Vivían en el número 52 de la calle Viriato y, cuando él tenía once años, se mudaron al quinto piso de la casa que hacía esquina en las calles del Doctor Castelo y Menéndez Pelayo. En aquella época se creía que los niños experimentaban una gran necesidad de oxígeno y picaduras de mosquitos. A los chavales, mucho aire libre. Ésa era la consigna, así que los fines de semana su padre cargaba el 1 500 con sillas plegables, tarteras con filetes empanados, un termo de café con leche y el balón de reglamento, y se trasladaban a la parcela, para que los dos hermanos tuvieran una oportunidad de respirar ese estupendo aire puro de la sierra.

Nunca llegaron a construir el chalet, pero al volver en caravana, los niños se quedaban dormidos en el asiento de atrás.

– Míralos, están reventadas las criaturas -se decían sus padres con orgullo, puesto que entonces el cansancio se interpretaba como señal de buena salud.

Veinte años después, si Antonio oía la expresión volver de la parcela, se le saltaban las lágrimas con esa violencia gratuita, venga de donde venga, con la que estalla un plato de Duralex. Por muy lejos que estuviera, sentía la necesidad de volver a casa para mirar la foto que había en la mesa del salón. Papá y mamá de pie, en el campo; los dos hermanos tapándoles las piernas y, al fondo, los picos azules del Guadarrama.

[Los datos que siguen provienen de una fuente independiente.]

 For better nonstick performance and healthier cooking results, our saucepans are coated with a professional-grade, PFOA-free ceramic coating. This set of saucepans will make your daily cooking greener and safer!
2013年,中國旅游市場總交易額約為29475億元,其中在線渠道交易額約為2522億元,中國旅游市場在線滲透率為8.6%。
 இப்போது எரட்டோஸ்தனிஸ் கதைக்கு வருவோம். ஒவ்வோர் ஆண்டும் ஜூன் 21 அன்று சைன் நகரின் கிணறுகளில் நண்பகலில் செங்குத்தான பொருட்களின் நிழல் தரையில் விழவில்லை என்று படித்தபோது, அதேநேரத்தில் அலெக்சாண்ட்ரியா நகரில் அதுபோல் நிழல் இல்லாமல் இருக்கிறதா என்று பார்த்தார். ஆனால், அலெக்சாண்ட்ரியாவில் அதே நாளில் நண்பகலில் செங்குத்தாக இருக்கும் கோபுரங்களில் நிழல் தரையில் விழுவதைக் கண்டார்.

Daban ganas de esconderse, como los enchufes, por detrás de las patas de algún mueble.

El primer acontecimiento de su infancia sucedió cuando tenía nueve años y su padre le enseñó a jugar. Tuvo que ser a los nueve, no sólo porque aún vivían en Viriato 52, sino porque la improvisada afición de su padre se debía a la misma razón que tenía en vilo al resto del mundo: en la capital de Islandia, Boris Spassky defendía el título contra Bobby Fischer.

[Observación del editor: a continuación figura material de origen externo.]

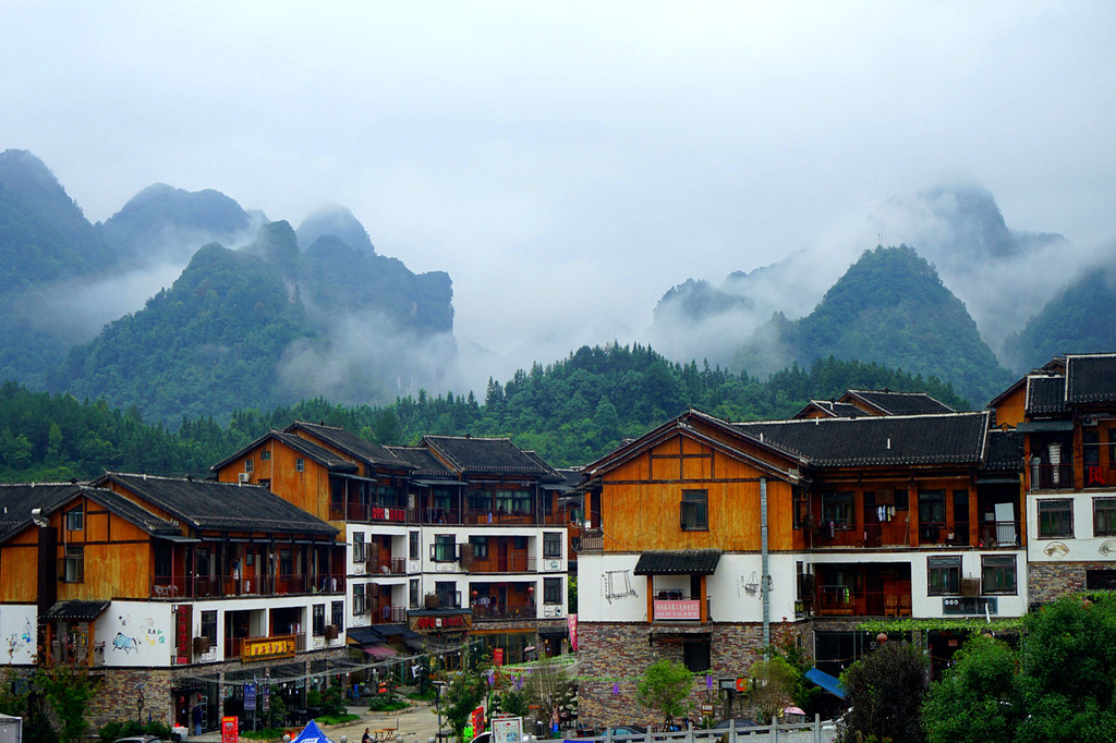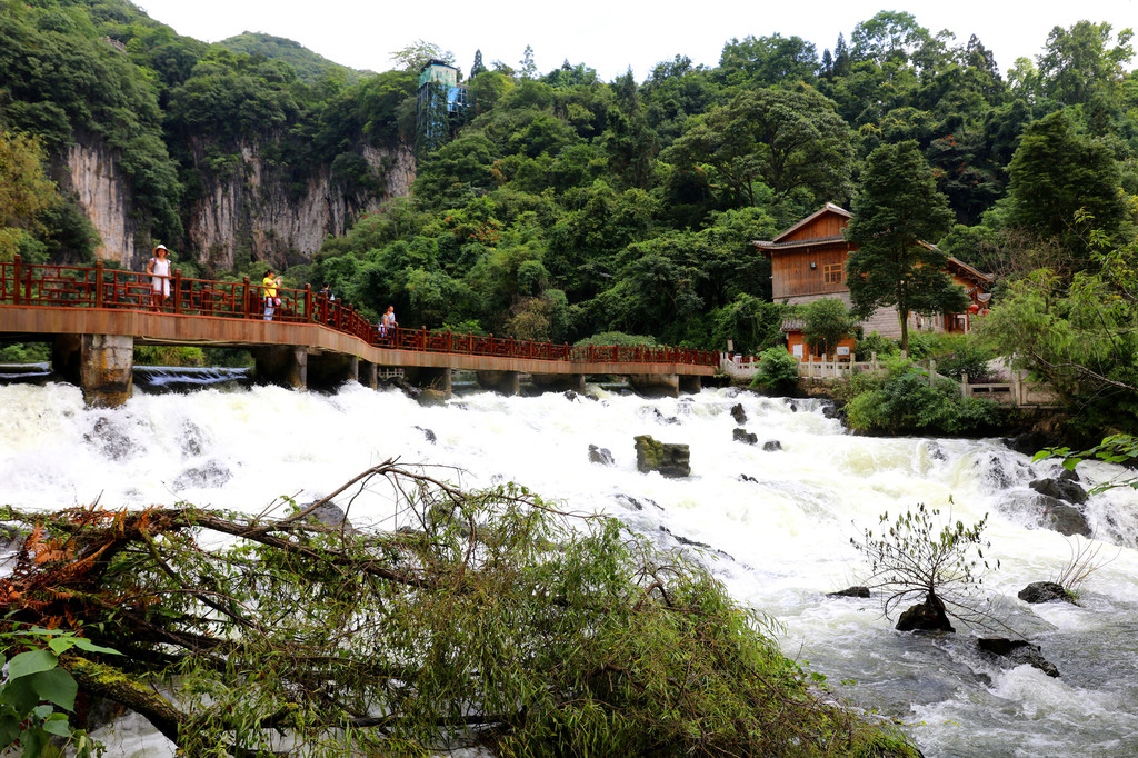 清晨,推开客栈木窗,远山烟雨蒙蒙,好似江南。匆匆吃过早饭后,赶紧进入小七孔景区东门入口,换好预约的观光车票,景区入口处已是人声嘈杂,人群聚集了,排队乘车直接前往位于景区西门卧龙潭方向。
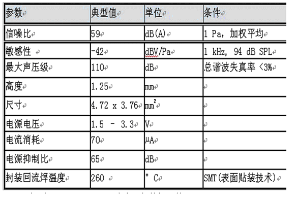 表1:新型SMM310矽基MEMS麥克風的特性參數。
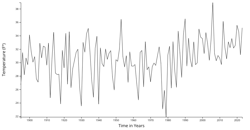 A line chart of the Climate Dataset. It gives climate at glance in US for the month of January from year 1895 to 2023.
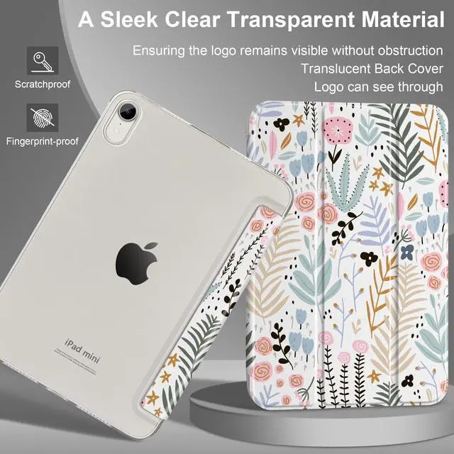 Compatibility -- Designed specifically for iPad Mini (A17 Pro) released in 2024 (Model numbers: A2993/A2995/A2996), iPad Mini 6th Generation 8.3 -Inch 2021 (Model numbers: A2567, A2568, A2569), Not compatible with other iPad models(mini 1/2/3/4/5). ^^ Auto Sleep/Wake Function -- Automatically puts your iPad to sleep when closed and wakes it up when opened, saving battery life. ^^ Trifold Stand -- Adjustable 3-fold design offers two viewing modes: one for media viewing and another for comfortable typing. ^^ Durable & Scratch-Resistant -- The case is made from high-quality PU leather and features a hard PC back, offering excellent protection against scratches and fingerprints. ^^ Transparent Hard PC Back & Soft Microfiber Interior -- The transparent, hard PC back allows you to display your logo while providing strong protection. The soft microfiber interior prevents scratches on your iPad screen and ensures safe handling.

Después, hasta que se produjo el segundo acontecimiento, nada de particular.

Que él recordara, coleccionó cromos (sin acabar ningún álbum), leyó Hazañas Bélicas y más tarde mortadelos y tintines, jugó a decir misas, a los submarinos (con Ortueta, en un árbol que hacía de periscopio) y a la guerra termonuclear final; no consiguió tener anginas ni apendicitis, registró los cajones de todos los miembros de su familia y, antes de cumplir once, ya le ganaba a su padre.

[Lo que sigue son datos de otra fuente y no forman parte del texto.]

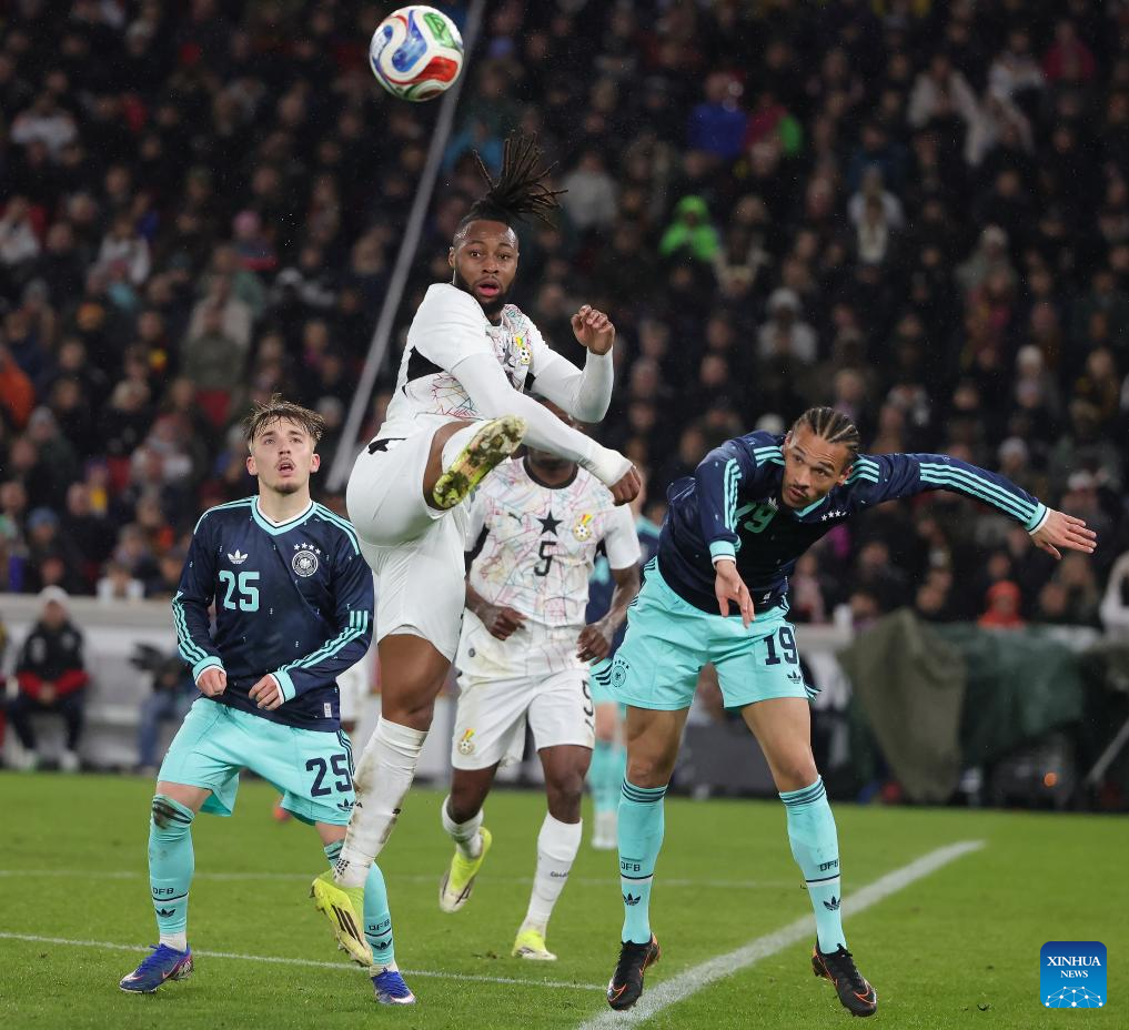 Abdul Fatawu (R) of Ghana scores during an international friendly football match between Germany and Ghana in Stuttgart, Germany, March 30, 2026. (Photo by Philippe Ruiz/Xinhua)
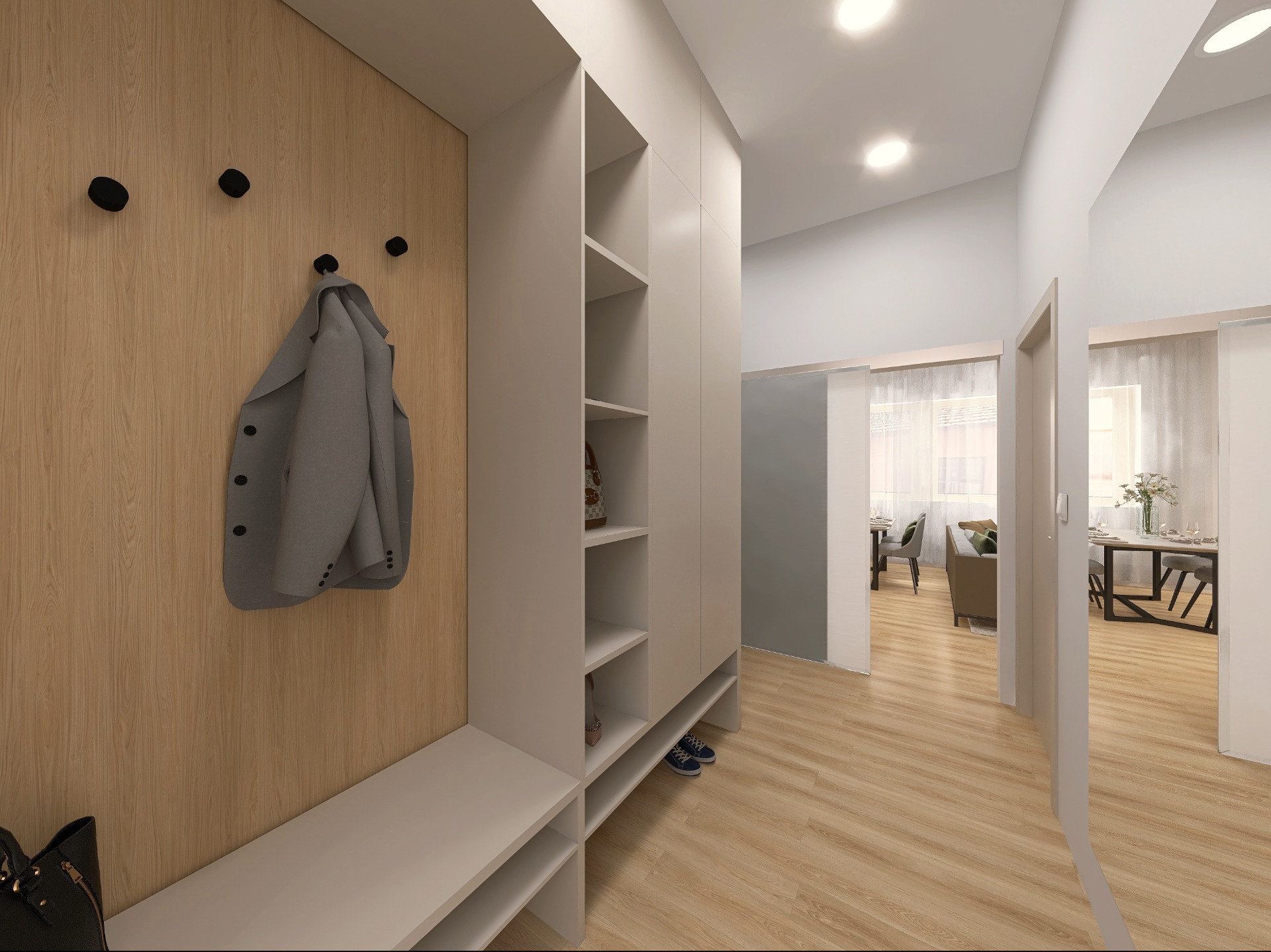 V koupelně, na WC a v technické místnosti je moderní dlažba v dekoru béžového kamene a dřevěných lamel. V obytných pokojích a na chodbě je kvalitní vinylová podlaha. Byt je kompletně osazen stropním osvětlením.
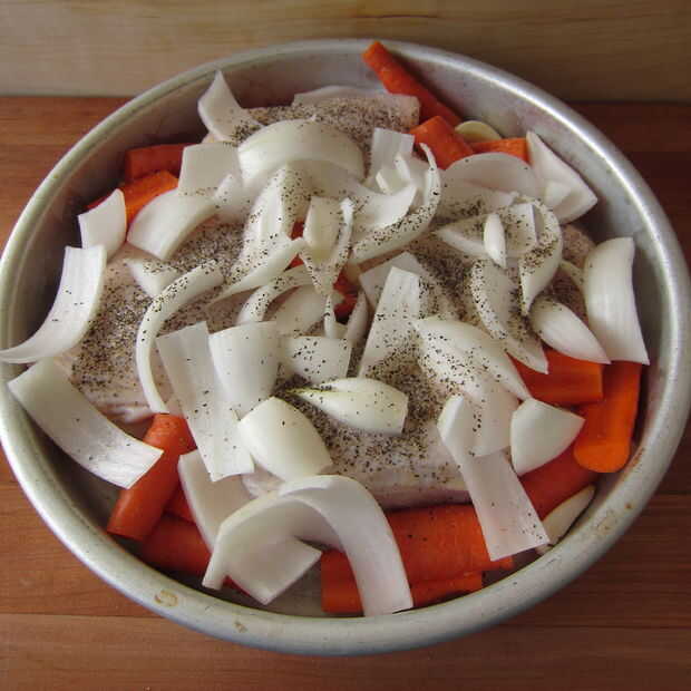 Añadir que todos los ingredientes a un tamaño adecuado de la asación de la cacerola asegurándose de grasa de pollo es para arriba. Sal y pimienta abundante.

El segundo acontecimiento tuvo lugar en Doctor Castelo, frente al Retiro. A los doce años encontró a su paso un obstáculo inamovible al que sólo pasado el tiempo se atrevió a dar nombre.

Era el amor.

¡El mayor peligro al que nos hemos enfrentado jamás!

Amor del bueno, como el que salía en las películas.

Ella tenía diecisiete, se llamaba Maribel y era su única hermana.